I got to view this owl this winter when a friend called to say he had located one roosting in a bare tree along the river. The bird was very approachable and unconcerned by the three bird watchers below it snapping photos. At one point it blinked slowly, closed it's eyes and yawned! I took several reference photos, thanked the bird kindly for being so cooperative and then let it have it's nap for the day.

Barred owls are one of the few owl species with dark eyes. They are similar in looks to the endangered spotted owl and their range and habitat overlaps as the barred owls territory expands. It has been discovered that the two species hybridize and the spotted owl may be declining due in part to this and being killed by the barred owl. 

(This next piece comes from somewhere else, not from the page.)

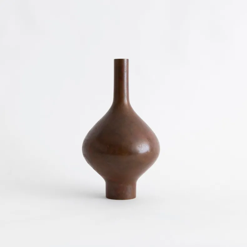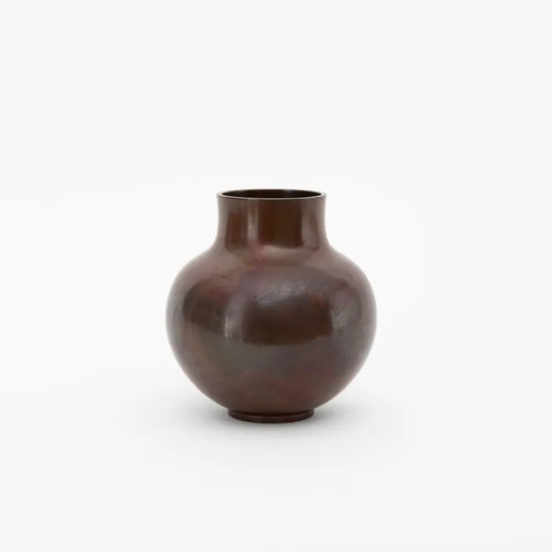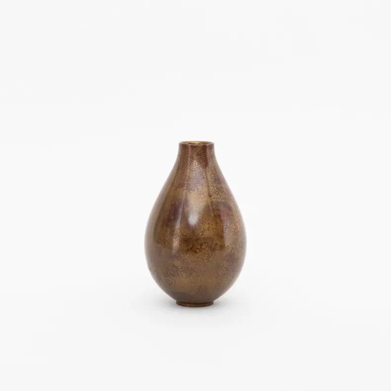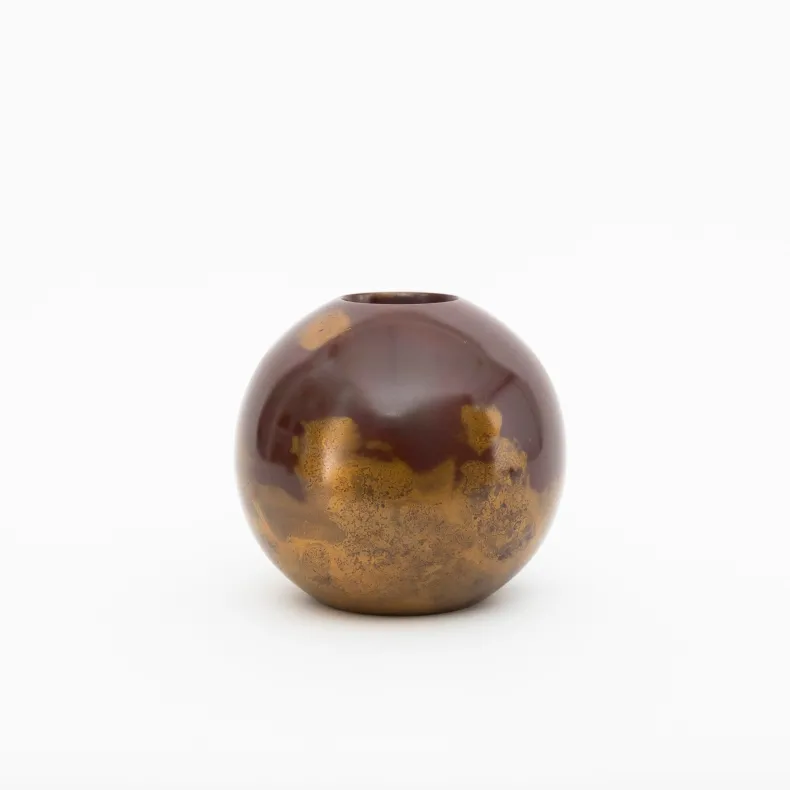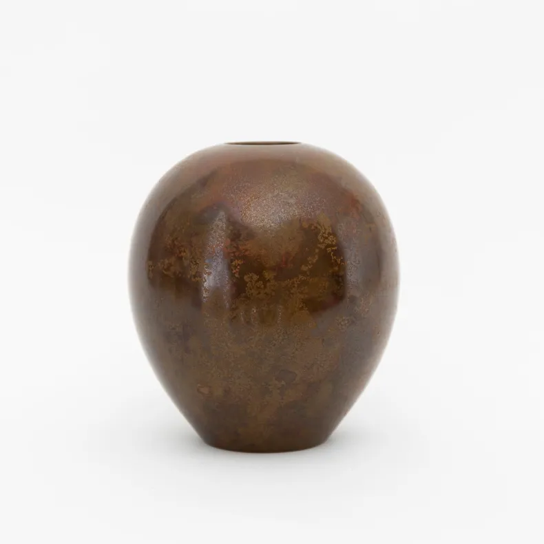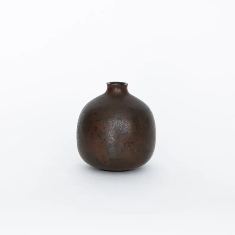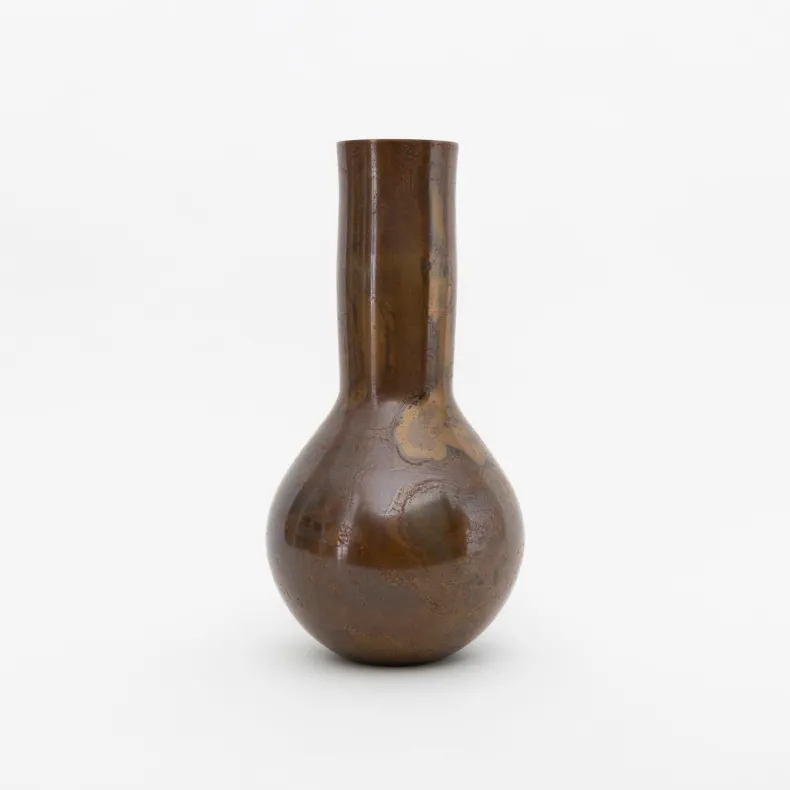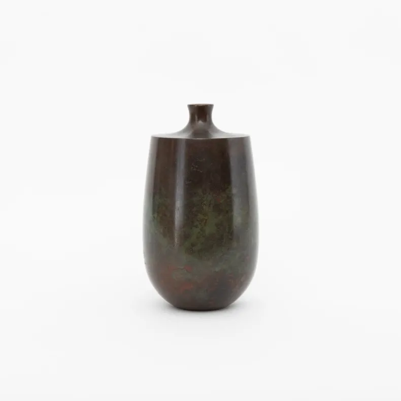 One-of-a-kind vintage vases circa 1980 from Japanese bronze artists. The unique patina swirls and patterns are caused by a natural oxidization process over the course of several decades. These heavy set vases willcontinue to achieve a soft and mellow patina over time, making them living pieces of art. Enjoy a beautiful bronze vase to hone your ikebana craft or display them simply as standalone pieces.

I currently have four bird sketches up for auction, with another one starting in a few days. Keep watching here or visit my Daily Paintworks gallery.

Sunday, March 1, 2015

Patience and Playing

Work in progress-white throated sparrow
The days are getting longer and the weather is getting least in my part of the country! We've just turned the calendar to March, can spring be far behind?

While I try to have patience for better weather so I can join my husband in his little trailer without being locked inside with the windows covered to stay warm, I have been amusing myself with doing quick bird studies on toned paper. I have done this technique before (see this post) and liked the results so I decided to try a few more.
White-throated sparrow (5" x 7" watercolor and gouache on Mi-teintes paper)
I found this little sparrow scratching in the leaf litter under some blackberry brambles. At my approach he promptly disappeared into the tangle of vines, but after I made some "pishing" noises he popped out and posed long enough to snap a few reference photos. I decided that painting him on green toned paper made me think of spring and new adventures!